The Teaching and Its Origins
The doctrine of Christian perfection, also called entire sanctification, is most closely associated with John Wesley, who taught that through a subsequent crisis experience of grace after conversion, the Holy Spirit could eradicate the sinful nature, freeing the believer from voluntary sinning. In Wesley’s own formulation, this was not a claim to absolute perfection or freedom from mistakes and errors of judgement; it was freedom from conscious, wilful sin. This teaching became the foundation of the Holiness movement and, subsequently, of much Pentecostal and charismatic theology regarding the “second blessing.” Related ideas appear in the Roman Catholic doctrine of spiritual progress toward perfection and in certain forms of the Keswick “higher life” tradition, though the precise claims vary between these different streams.
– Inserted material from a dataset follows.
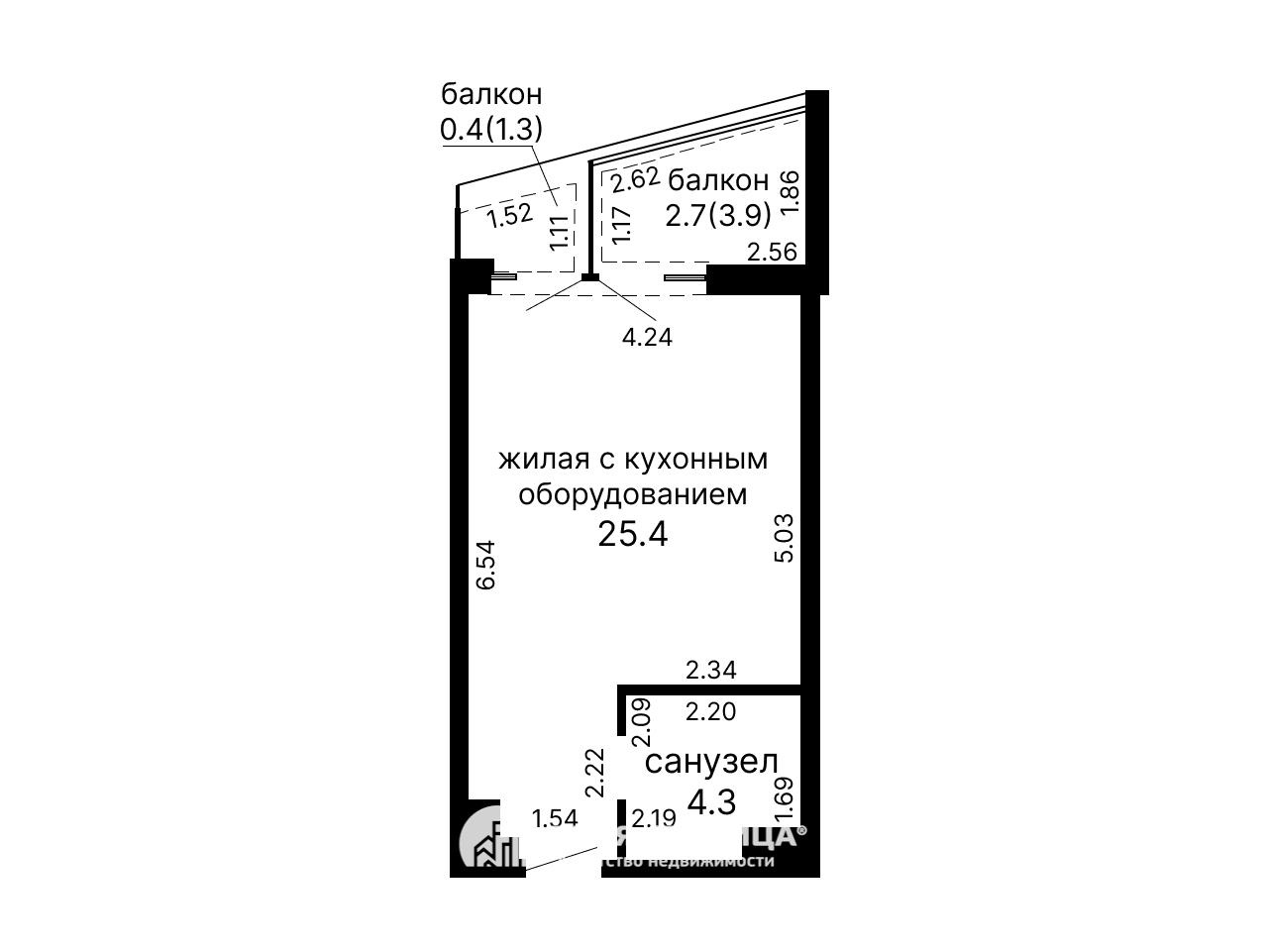 Площадь квартиры по СНБ 32.8, общая 29.7, жилая 25.4. Высота потолка 2.73

What Scripture Actually Says
The clearest statement in the New Testament on this question comes from John, one of the most spiritually mature and experienced of the apostles: “If we say we have no sin, we deceive ourselves, and the truth is not in us” (1 John 1:8). The present tense is significant: this is not a statement about the believer before conversion but about the ongoing condition of believers in this age. John includes himself in the “we.” He continues in verse 10: “If we say we have not sinned, we make him a liar, and his word is not in us.” The provision of 1 John 1:9 — “if we confess our sins, he is faithful and just to forgive us our sins” — presupposes an ongoing need for confession precisely because sin remains a reality in the believer’s experience.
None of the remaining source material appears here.